= Grain (cipher) =

Stream cipher

Grain is a stream cipher submitted to eSTREAM in 2004 by Martin Hell, Thomas Johansson and Willi Meier. It has been selected for the final eSTREAM portfolio for Profile 2 by the eSTREAM project. Grain is designed primarily for restricted hardware environments. It accepts an 80-bit key and a 64-bit IV. The specifications do not recommend a maximum length of output per (key, iv) pair. A number of potential weaknesses in the cipher have been identified and corrected in Grain 128a which is now the recommended cipher to use for hardware environments providing both 128bit security and authentication.

== Description ==

Grain's 160-bit internal state consists of an 80-bit linear feedback shift register (LFSR) and an 80-bit non-linear feedback shift register (NLFSR). Grain updates one bit of LFSR and one bit of NLFSR state for every bit of ciphertext released by a nonlinear filter function. The 80-bit NLFSR is updated with a nonlinear 5-to-1 Boolean function and a 1 bit linear input selected from the LFSR. The nonlinear 5-to-1 function takes as input 5 bits of the NLFSR state. The 80-bit LFSR is updated with a 6-to-1 linear function. During keying operations the output of the cipher is additionally fed-back as linear inputs into both the NLFSR and LFSR update functions.

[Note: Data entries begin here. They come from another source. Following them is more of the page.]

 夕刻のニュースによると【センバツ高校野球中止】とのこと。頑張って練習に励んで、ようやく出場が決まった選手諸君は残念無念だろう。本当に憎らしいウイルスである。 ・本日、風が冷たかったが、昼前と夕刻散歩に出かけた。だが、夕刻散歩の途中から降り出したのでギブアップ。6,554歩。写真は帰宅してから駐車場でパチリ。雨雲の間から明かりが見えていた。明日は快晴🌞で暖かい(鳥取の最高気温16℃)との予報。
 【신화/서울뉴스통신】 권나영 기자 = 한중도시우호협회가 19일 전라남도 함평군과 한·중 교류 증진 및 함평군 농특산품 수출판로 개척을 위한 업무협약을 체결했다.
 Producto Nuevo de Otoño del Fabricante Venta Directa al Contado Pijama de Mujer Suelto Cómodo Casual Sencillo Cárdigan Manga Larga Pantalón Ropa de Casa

In the original Grain Version 0.0 submission of Grain, one bit of the 80-bit NLFSR and four bits of the 80-bit LFSR are supplied to a nonlinear 5-to-1 Boolean function (that is chosen to be balanced, correlation immune of the first order and has algebraic degree 3) and the output is linearly combined with 1 bit of the 80-bit NLFSR and released as output.

In the updated Grain Version 1.0 submission of Grain, one bit of the 80-bit NLFSR and four bits of the 80-bit LFSR are supplied to a (slightly revised) nonlinear 5-to-1 Boolean function and the output is linearly combined with 7 bits of the 80-bit NLFSR and released as output.

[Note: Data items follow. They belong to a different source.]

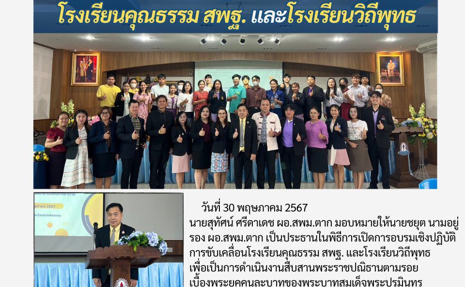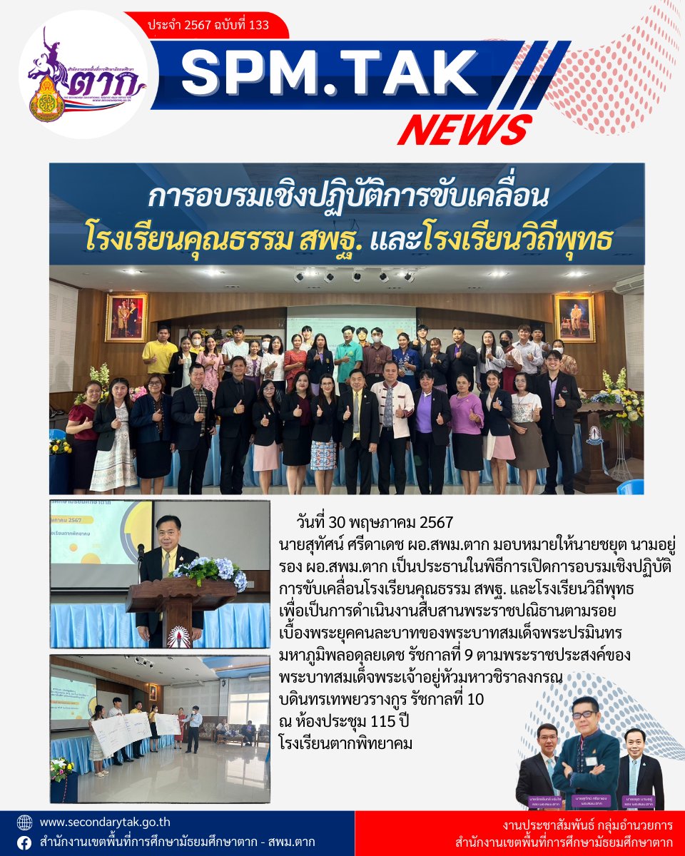 วันที่ 30 พฤษภาคม 2567 นายสุทัศน์ ศรีดาเดช ผอ.สพม.ตาก มอบหมายให้นายชยุต นามอยู่ รอง ผอ.สพม.ตาก เป็นประธานในพิธีการเปิดการอบรมเชิงปฏิบัติการขับเคลื่อนโรงเรียนคุณธรรม สพฐ. และโรงเรียนวิถีพุทธเพื่อเป็นการดำเนินงานสืบสานพระราชปณิธานตามรอยเบื้องพระยุคคนละบาทของพระบาทสมเด็จพระปรมินทรมหาภูมิพลอดุลยเดช รัชกาลที่ 9 ตามพระราชประสงค์ของพระบาทสมเด็จพระเจ้าอยู่หัวมหาวชิราลงกรณบดินทรเทพยวรางกูร รัชกาลที่ 10 ณ ห้องประชุม 115 ปี โรงเรียนตากพิทยาคม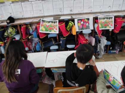 図工で春の花を描きました。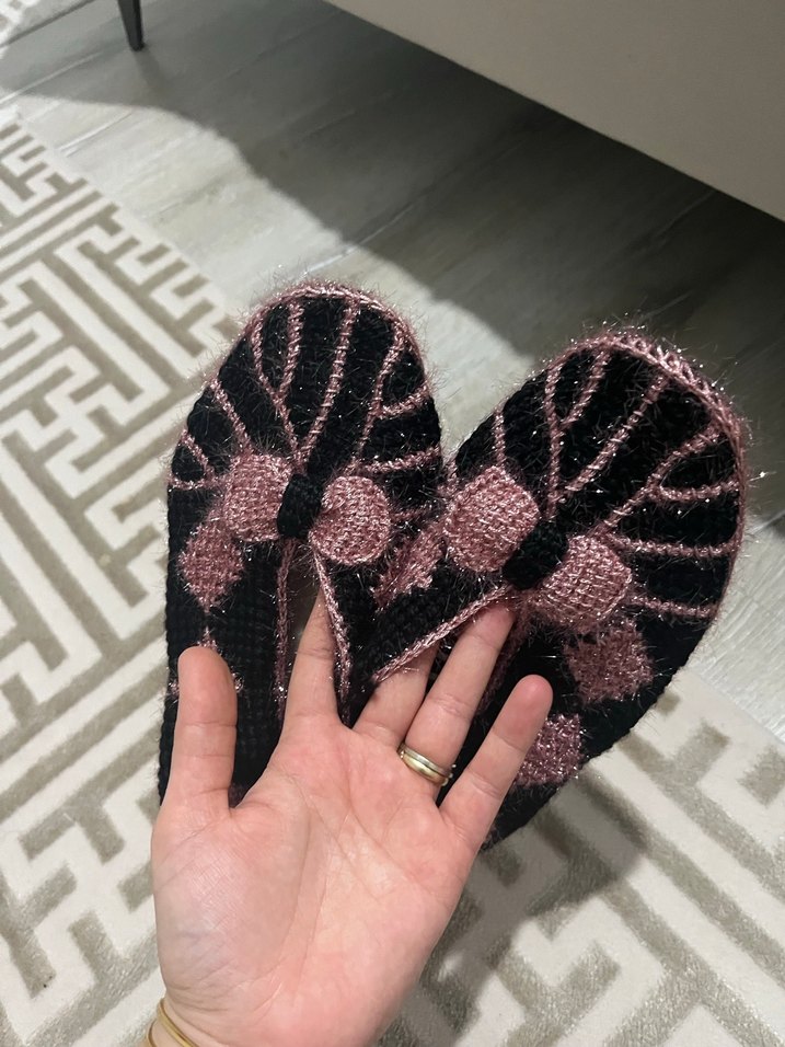Pembe Nakışlı Örgü Kadın Terlik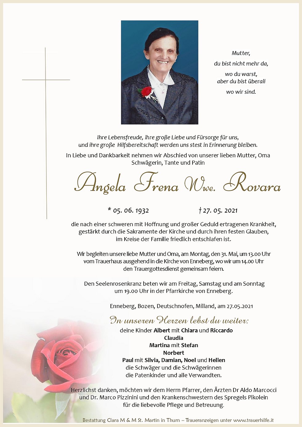 Wir begleiten unsere liebe Mutter und Oma, am Montag, den 31. Mai, um 13.00 Uhr vom Trauerhaus ausgehend in die Kirche von Enneberg, wo wir um 14.00 Uhr den Trauergottesdienst gemeinsam feiern.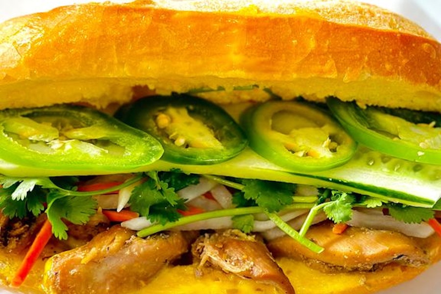 Vietnamese baguette with chicken, mayo, pickled daikon & carrots, cucumber, cilantro & jalapeños

To initialize the cipher, the 80-bit key is loaded directly into the 80-bits NLFSR and the 64-bit IV is loaded into the low 64-bits of the LFSR and the remaining 16 high bits of the LFSR are filled with ones. The cipher is sealed for 160 rounds where the 160 bits of keystream generated are fed-back linearly into both the LFSR and NLFSR update functions. The cipher releases no keystream output during the initialization process.

Grain's authors discuss the complete diffusion rates of Grain initialization process in the Grain Version 1.0 specifications: "For initialization with two different IVs, differing by only one bit, the probability that a shift register bit is the same for both initializations should be close to 0.5. Simulations show that this is achieved after 160 clockings."

== Performance ==

The cipher is designed to allow up to 16 rounds to be carried out in parallel, allowing faster implementations at the cost of greater hardware use.

== Security ==

The key size is 80 bits and the IV size is specified to be 64 bits. The authors claim that the cipher is designed such that no attack faster than exhaustive key search should be possible, hence the best attack should require a computational complexity not significantly lower than 2^{80}.

In the original Grain Version 0.0 specifications, the authors claim: "Grain provides a higher security than several other well known ciphers intended to be used in hardware applications. Well known examples of such ciphers are E0 used in Bluetooth and A5/1 used in GSM. These ciphers, while also having a very small hardware implementation, have been proven to be very insecure. Compared to E0 and A5/1, Grain provides higher security while maintaining a small hardware complexity."

The authors quote the attack against E0 requiring a complexity of 2^{40} and 2^{35} frames (a frame is 2745 bits long). The original Grain Version 0.0 cipher was broken by a key recovery attack which required a complexity of 2^{43} computations and 2^{38} keystream bits to determine the 80-bit key.

In the revised Grain Version 1.0 specifications, the cipher has a slightly revised output function and the NLFSR feedback function received a minor change. The specifications claim: "The filter function is quite small, only 5 variables and nonlinearity 12. However, this is partly compensated by the fact that one of the inputs is taken from the NLFSR. The input bit from the NLFSR will depend nonlinearily [sic] on other bits in the state, both from the LFSR and from the NLFSR. The small filter function is also compensated by adding 7 bits linearily [sic] from the NLFSR at suitable positions to form the output function."

As of October 2006, no key recovery attacks better than brute force attack are known against Grain Version 1.0.

However, a related-key attack was published in September 2006 by Ozgul Kucuk in the paper "Slide Resynchronization Attack on the Initialization of Grain 1.0". The paper claims: "we find related keys and initial values of the stream cipher Grain 1.0. For any (K,IV) pair there exist related (K’,IV’) pair with probability 1/22 that generates 1-bit shifted keystream. Although this does not result in an efficient key recovery attack yet, it indicates a weakness in the initialization which could be overcomed [sic] with a little effort."